For residential and small irrigation wells, well rehabilitation is most often scheduled when the well production has dropped to a point where there are interruptions in service, or when a pump fails and investigation as to possible causes finds that the well has been infilled with material or is severely clogged. At this point, production is so greatly hampered that there’s no question as to the value of cleaning and rehabilitating the well. In these types of situations, it behooves the well owner to pay attention to their well’s specific capacity (well yield divided by drawdown), as the specific capacity numbers dropping will indicate that the well is clogging and requires attention before significant issues are found.

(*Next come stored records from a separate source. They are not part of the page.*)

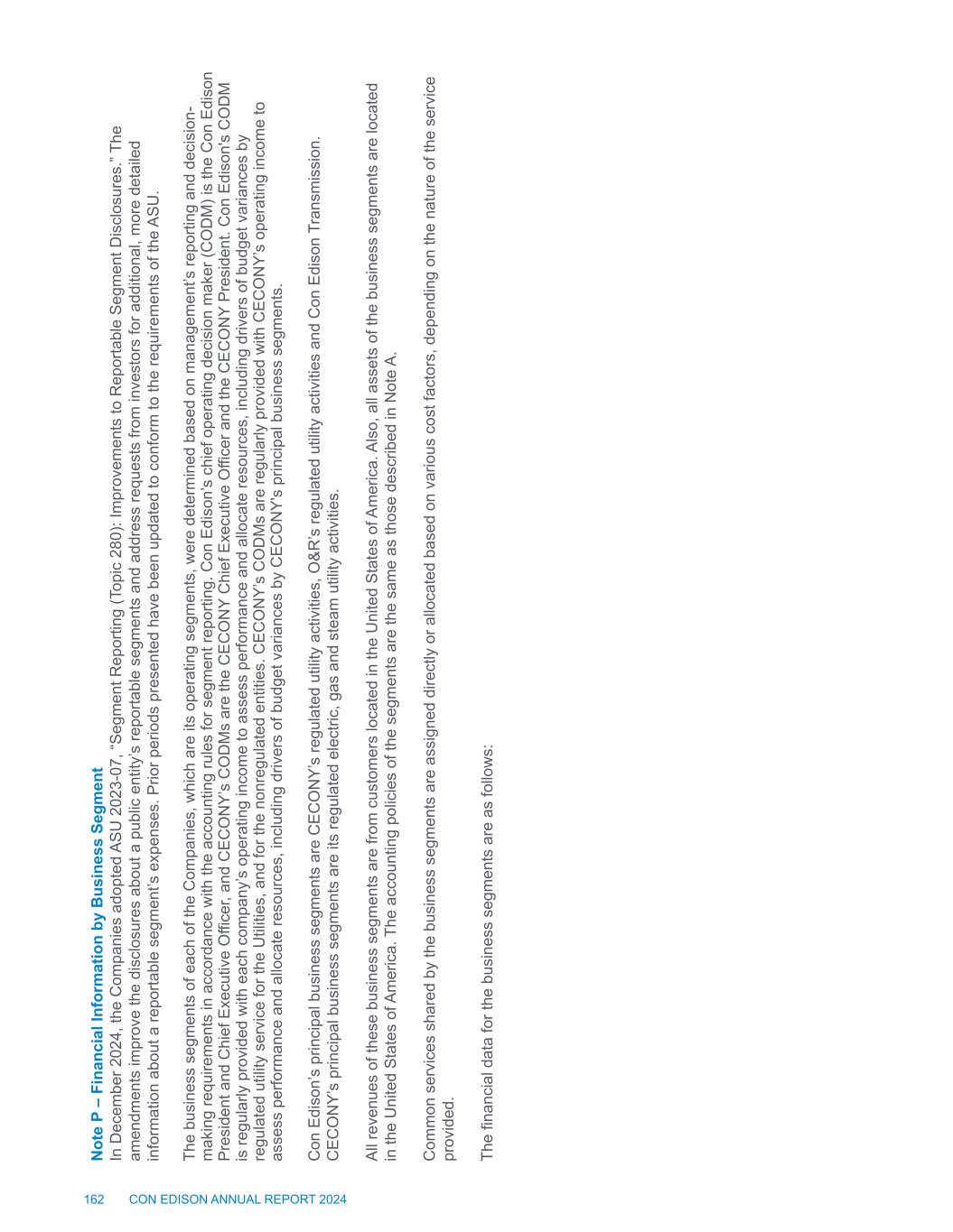 N ot e P – Fi na nc ia l I nf or m at io n by B us in es s Se gm en t In D ec em be r 2 02 4, th e C om pa ni es a do pt ed A S U 2 02 3- 07 , “ S eg m en t R ep or tin g (T op ic 2 80 ): Im pr ov em en ts to R ep or ta bl e S eg m en t D is cl os ur es .” Th e am en dm en ts im pr ov e th e di sc lo su re s ab ou t a p ub lic e nt ity ’s re po rta bl e se gm en ts a nd a dd re ss re qu es ts fr om in ve st or s fo r a dd iti on al , m or e de ta ile d in fo rm at io n ab ou t a re po rta bl e se gm en t’s e xp en se s. P rio r p er io ds p re se nt ed h av e be en u pd at ed to c on fo rm to th e re qu ire m en ts o f t he A S U . Th e bu si ne ss s eg m en ts o f e ac h of th e C om pa ni es , w hi ch a re it s op er at in g se gm en ts , w er e de te rm in ed b as ed o n m an ag em en t’s re po rti ng a nd d ec is io n- m ak in g re qu ire m en ts in a cc or da nc e w ith th e ac co un tin g ru le s fo r s eg m en t r ep or tin g. C on E di so n’ s ch ie f o pe ra tin g de ci si on m ak er (C O D M ) i s th e C on E di so n P re si de nt a nd C hi ef E xe cu tiv e O ffi ce r, an d C E C O N Y ’s C O D M s ar e th e C E C O N Y C hi ef E xe cu tiv e O ffi ce r a nd th e C E C O N Y P re si de nt . C on E di so n' s C O D M is re gu la rly p ro vi de d w ith e ac h co m pa ny ’s o pe ra tin g in co m e to a ss es s pe rfo rm an ce a nd a llo ca te re so ur ce s, in cl ud in g dr iv er s of b ud ge t v ar ia nc es b y re gu la te d ut ili ty s er vi ce fo r t he U til iti es , a nd fo r t he n on re gu la te d en tit ie s. C E C O N Y ’s C O D M s ar e re gu la rly p ro vi de d w ith C E C O N Y ’s o pe ra tin g in co m e to as se ss p er fo rm an ce a nd a llo ca te re so ur ce s, in cl ud in g dr iv er s of b ud ge t v ar ia nc es b y C E C O N Y 's p rin ci pa l b us in es s se gm en ts . C on E di so n’ s pr in ci pa l b us in es s se gm en ts a re C E C O N Y ’s re gu la te d ut ili ty a ct iv iti es , O & R ’s re gu la te d ut ili ty a ct iv iti es a nd C on E di so n Tr an sm is si on . C E C O N Y ’s p rin ci pa l b us in es s se gm en ts a re it s re gu la te d el ec tri c, g as a nd s te am u til ity a ct iv iti es . A ll re ve nu es o f t he se b us in es s se gm en ts a re fr om c us to m er s lo ca te d in th e U ni te d S ta te s of A m er ic a. A ls o, a ll as se ts o f t he b us in es s se gm en ts a re lo ca te d in th e U ni te d S ta te s of A m er ic a. T he a cc ou nt in g po lic ie s of th e se gm en ts a re th e sa m e as th os e de sc rib ed in N ot e A . C om m on s er vi ce s sh ar ed b y th e bu si ne ss s eg m en ts a re a ss ig ne d di re ct ly o r a llo ca te d ba se d on v ar io us c os t f ac to rs , d ep en di ng o n th e na tu re o f t he s er vi ce pr ov id ed . Th e fin an ci al d at a fo r t he b us in es s se gm en ts a re a s fo llo w s: 162 CON EDISON ANNUAL REPORT 2024
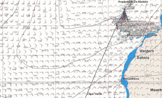 The group passing through the Canaries are playing a dangerous game as although typically there are acceleration zones in the wind as they pass between the islands there is also the possibility of falling into holes to the lee of the islands - these can occur to around 100 miles southwest of the Canaries. Hopefully the wind strength is high enough to minimise this. Generally the great circle cuts through the middle of the next island group - the Cape Verdes off West Africa - and the forecast shows this as being pretty much dead downwind.
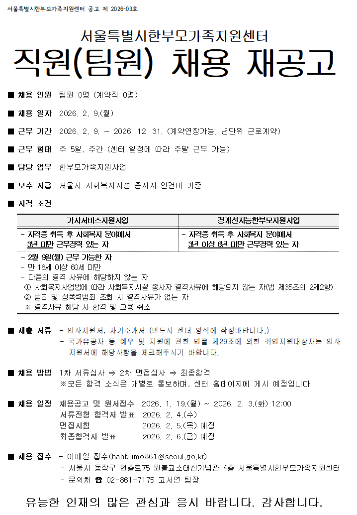 서울특별시한부모가족지원센터 직원 채용 재공고
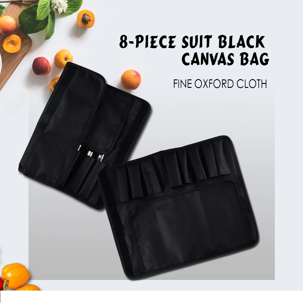 Цвет: черный Вес: 155 г Материал: Оксфордский холст Размер складывания: 145 мм x 370 мм Размер в разложенном виде: 449 мм x 370 мм Применение: 8 карманов для ножа до 8 дюймов Товар: сумка для поварских ножей, сумка-валик, рулонная сумка, сумка-чехол для переноски, органайзер для хранения ножей

Just like marginal wells with problems, industrial, commercial, municipal, and agricultural wells will benefit from periodic and regular well cleaning, which will increase well performance and reduce operating costs. For these types of wells, studies have shown an annual or biannual well maintenance program usually costs between 10%-20% of the cost required for a full-scale rehabilitation procedure. But a typical full-scale rehabilitation process can cost up to 20%-30% of the cost for a new replacement well with the same size and depth.

A well should generally receive some type of maintenance if the relative yield or specific capacity falls to or is more than 2%-5% from its new or previously tested state. It should be rehabilitated if the relative yield or specific capacity declines more than 15%-20% from its previous condition. Any further drop in specific capacity can result in the well passing the point of no return where the best and most aggressive rehabilitation techniques may not be capable of recovering more than 75%-80% of the original yield.